Oh, really? So you mean that the properly level-matched double-blind test between a Sonic Frontiers Power 2 (a $5000 110wpc p-p tube amp) and a Classe CA-200 (a $3000 200wpc solid state amp) in which I participated about 7 years ago turned up a statistically significant difference? Bzzt! That despite the fact that no attempts were made to limit volume levels and that they were driving Martin-Logan electrostats (Quest-Z or reQuest, don’t remember) that present a very difficult load in the treble. Both were non-broken amps, with flat FR and low distortion, so in retrospect the result was obvious given that the tubes in the SF amp had not yet been significantly degraded by use.

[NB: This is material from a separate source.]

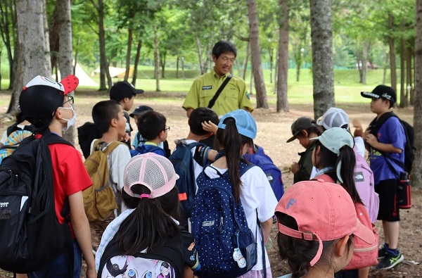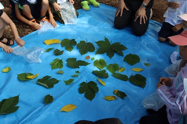 屋外での活動の注意点を説明した後、「お気に入りの葉っぱを2枚探そう!」という中村国立公園利用企画官の声かけのもと、それぞれが思い思いの葉っぱを選んで集めました。

I don’t dislike tube amps, but I don’t have any special love for them, either. Their advantages are (often) aesthetic and (usually) snob value. Their disadvantages are that they require much more upkeep than old-line solid state or modern solid state (i.e. DSP-controlled switching amps or DAC/amps such as the TI chips used in the expensive TacT gear and the cheap Panasonic receivers) and often require speakers with much less impedance variation to pass the signal accurately than solid-state amps do. Done with a modicum of competence they are as every bit as good as any other type of competently-designed amp, but no more so.

Of course, a tube (or solid state) amp with prodigious amounts of distortion or EQ (i.e. nonflat frequency response) built in will sound different from a well-designed tube (or solid state) amp. However, I consider such an amp, no matter how expensive it is, broken. Actually, the more expensive such an amp is is the more broken I consider it to be!